Mustafina, 24, is joined by one Rio Olympic teammate, Angelina Melnikova, and three world championships rookies (plus Olympian Daria Spiridonova as an alternate), according to Russia’s gymnastics federation.

Mustafina is the last non-American woman to win an Olympic or world championships all-around, back in 2010 in her first year as a senior gymnast. A series of injuries followed, including surgeries on both knees and her left ankle.

She missed the 2015 Worlds with back pain but rebounded for a medal of every color in Rio (uneven bars gold, team silver and all-around bronze, just as she had done at London 2012).

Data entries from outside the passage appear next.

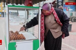 Konya’da eşinin kaza geçirmesinin akabinde konutun geçimine katkı için meskeninin önündeki cadde üzerine simit tezgahı açarak hem komşularının hem de müşterilerinin ‘simitçi teyzesi’ olan 58 yaşındaki Menekşe Demirkaya, her gün sabah erken saatlerde tezgahında simit satıyor.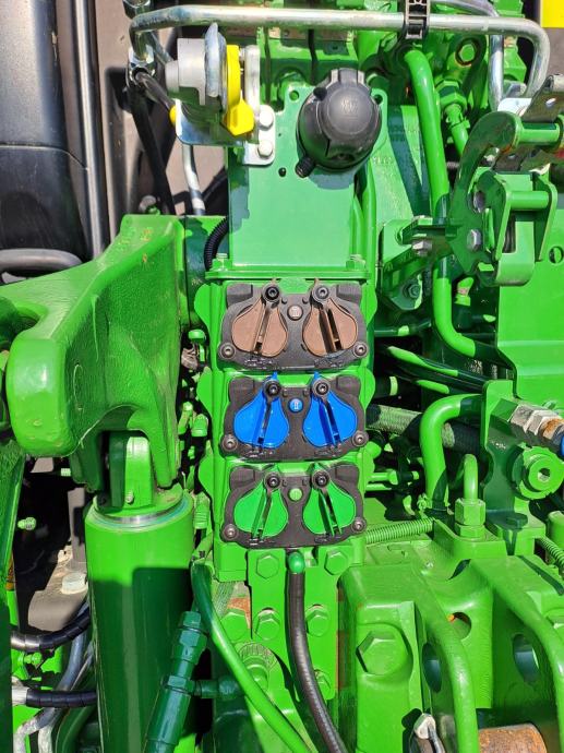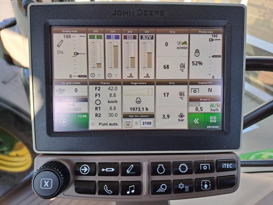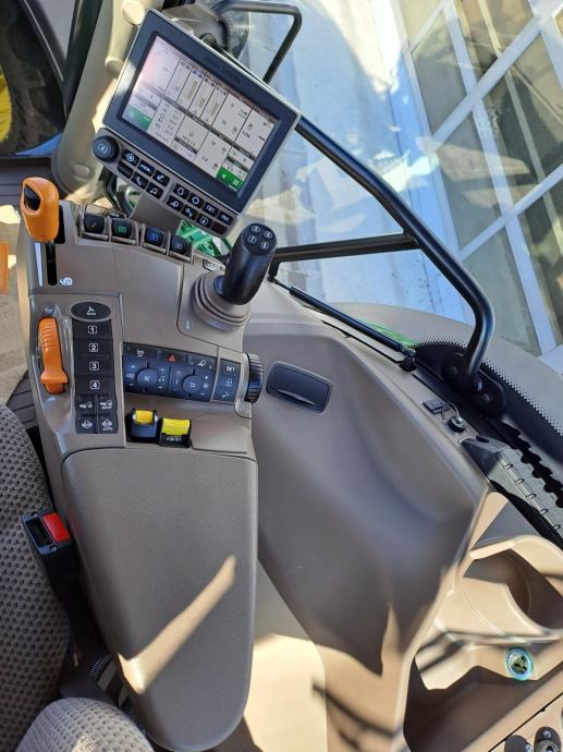 Mjenjač: John Deere AutoPowr mjenjač, maksimalna brzina 40 km/h, električni reverzer s lijeve strane upravljača, Park Lock mehanička blokada mjenjača u parkirnom položaju ručice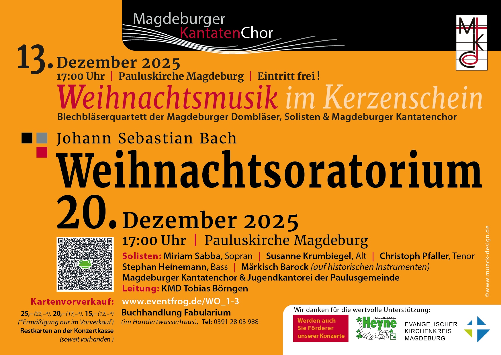 arten (25,- bis 15,- EUR) sind in der Buchhandlung Fabularium im Hundertwasserhaus und online über www.eventfrog.de/WO_1-3 erhältlich, Restkarten gibt es an der Konzertkasse. Lassen Sie sich dieses großartige Werk nicht entgehen!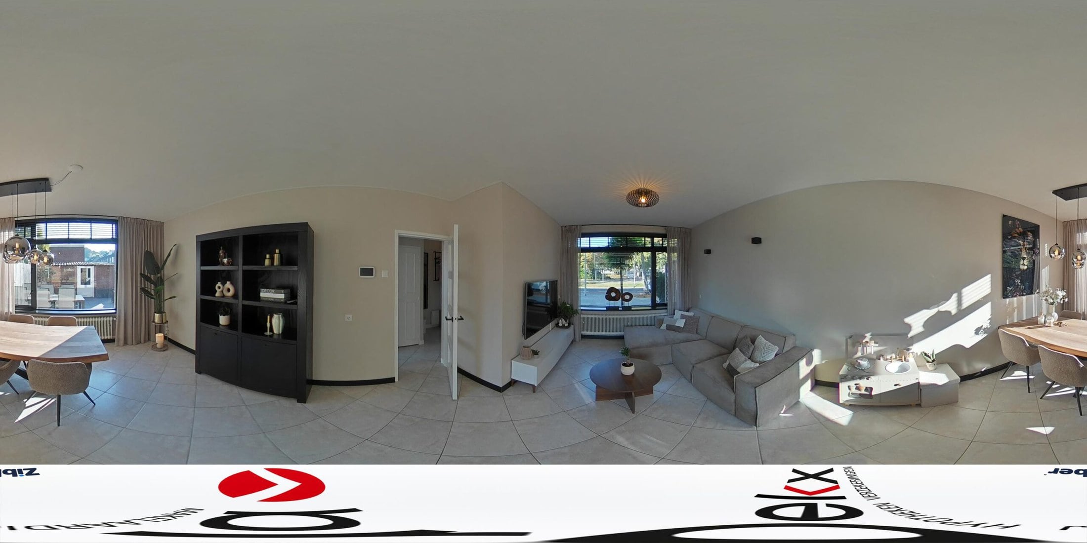 De prettige doorzonkamer beschikt over grote raampartijen aan zowel de voor- als achterzijde, waardoor er in deze ruimte veel natuurlijk licht binnen valt. De moderne tegelvloer en het strakke stucwerk op wanden en plafonds geven de kamer een frisse en eigentijdse uitstraling. Dankzij de royale indeling is er volop plek voor zowel een gezellige zithoek als een ruime eethoek waar het hele gezin kan samenkomen.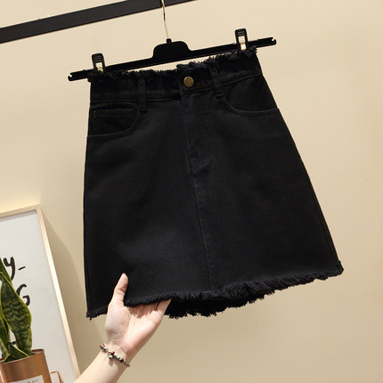 韩国高腰黑色牛仔半身裙a字款2021春夏新款女大码胖mm包臀短裙子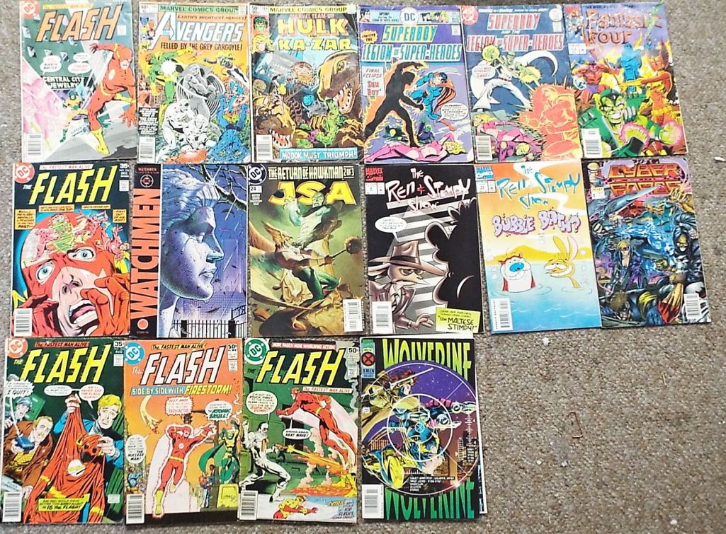 POTLUCK OF 28 ASSORTED COMIC BOOKS IRON MAN SPIDERMAN CYBER FORCE FANTASTIC FOUR FLASH SUPERBOY LEGION OF SUPER HEOROES THE REN + STIMPY SHOW THE RETURN OF HAWKMAN JSA WOLVERINE AVENGERS WATCHMEN HULK AND KA-ZAR . MIXED LOT, MIXED CONDITION, YOU CAN FIND A DIAMOND IN THE ROUGH. I DON'T GRADE BOOKS, THESE ARE NOT GRADED. WHAT YOU SEE IS WHAT YOU GET.

Her seven total Olympic medals are tied for the most by a Russian woman since the fall of the Soviet Union with retired gymnast Svetlana Khorkina.

Viktoria Komova, the 2012 Olympic all-around silver medalist who has also struggled with injuries, is not on Russia’s team for worlds in Doha. She last competed at a global championship in 2015, sharing the uneven bars title with three other gymnasts.

Mustafina joins a list of distinguished moms to return to the top level of gymnastics, including Oksana Chusovitina, who began competing in the Soviet Union in the 1980s and, seven Olympics later, is still competing at age 43 (for Uzbekistan).

The most decorated Olympic gymnast, Soviet Larisa Latynina, earned 12 of her 18 medals after becoming a mom.